Nina menghela napas, dia beruntung bertemu dengan orang-orang cekatan yang mampu menjaga butiknya dan mengedepankan kualitasnya.

“Terus? Gimana kesehatan lo?” Kata Julie lagi, masih belum puas karena pertanyaannya tidak terjawab.

“Gue minta Kumara beli testpack.”

Hening sebelum akhirnya wanita diujung sana memekik terkejut, “MAKSUD LO?”

“Aduh, gak usah teriak-teriak di kuping gue. Pokoknya gue minta Kumara beli dulu dan gue mau cek dulu, gue terakhir haid dua bulan lalu.”

Diujung sana Julie terdiam, kemudian berkata, “Pas Nin, kalau lo hamil ya pas hitungannya.”

“Diem deh lo, jangan asumsi apapun dulu.”

Julie menghela napas diujung telepon, “Lo minta Kumara beli testpack pasti karena udah punya asumsi terlebih dulu ‘kan?”

Nina memijat keningnya lagi, tidak bisa berdebat sekarang. Kepalanya pusing dan isi perutnya terasa diaduk-aduk.

“Kasih kabar ya kalau lo udah ada hasilnya.” Ujar Julie, Nina mengiyakan dengan suara lemah. “Jangan lupa hubungi Tikta, Nin. Meskipun belum tahu siapa yang sebenarnya nidurin selain dia sama Catur karena sampai saat ini Gata gak bisa dihubungi, seenggaknya kalian bisa berunding. Yang bisa datangi Gata cuma dia.”

Nina hanya menjawab sekenanya, dia tidak mampu berpikir harus bagaimana kalau hasilnya positif. Sampai hari ini dia tidak tahu apakah benar dia diperkosa atau hal itu terjadi karena dibawah pengaruh alkohol. Dia tidak bisa menuduh siapapun.

Lima belas menit kemudian Kumara kembali, dia menyerahkan satu kresek penuh testpack dengan banyak pilihan merk. Nina berjalan masuk ke dalam kamar mandi di bantu Kumara, dia duduk diatas toilet mencoba salah satu merk. Tapi kemudian berakhir mencoba semuanya secara bersamaan.

Dia terdiam di kamar mandi, semua testpack dia balik. Tidak mampu jika harus melihat hasilnya secara langsung.

Tiga menit sudah berlalu, dengan perlahan dia membuka salah satunya. Tangannya bergetar, dia menarik napas dalam-dalam.

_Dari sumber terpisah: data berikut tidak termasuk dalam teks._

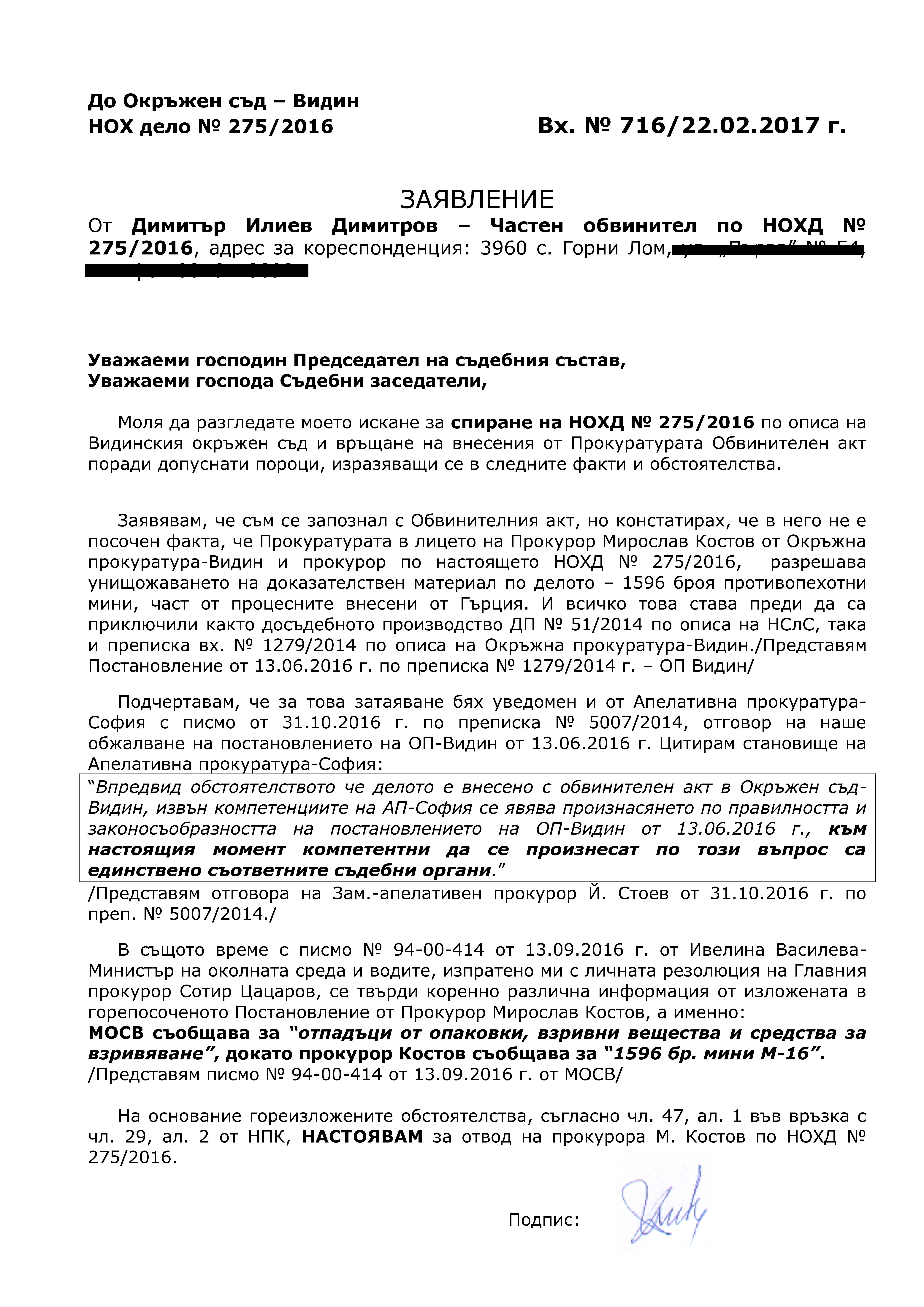 „Заявявам, че съм се запознал с Обвинителния акт, но констатирах, че в него не е посочен факта, че Прокуратурата в лицето на Прокурор Мирослав Костов от Окръжна прокуратура – Видин и прокурор по настоящето НОХД № 275/2016, разрешава унищожаването на доказателствен материал по делото – 1596 броя противопехотни мини, част от процесните внесени от Гърция. И всичко това става преди да са приключили, както досъдебното производство ДП № 51/2014 по описа на НСлС, така и преписка вх. № 1279/2014 по описа на Окръжна прокуратура – Видин. […]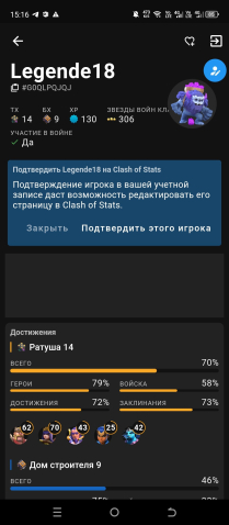 Уровень Ратуши: 14Краткое описание: 【𝟭𝟰 ТХ】 ❰🌟ФУЛЛ 𝟳𝟱%🌟❱ 🟢 【💵СМЕНА НИКА💵】 🟢 【62/70/42/43/25】 🟢 【𝟲 ЭПИК СНАРЯГ🟣】 ❰💚❱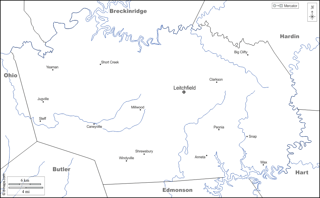 d-maps > United States of America (USA) > Kentucky > Grayson County > boundaries, hydrography, main cities, names, white

“Ah, sialan…” Dia bergumam ketika hasil testpack menunjukkan hasil positif, dengan terburu dia membalik semuanya dan hasilnya sama. Positif.

Dia hamil.

Nina terdiam, memandang semua hasil itu di depannya dan tanpa terasa airmata perlahan jatuh satu persatu, sejurus kemudian dia terisak. Menangis di dalam kamar mandi seorang diri.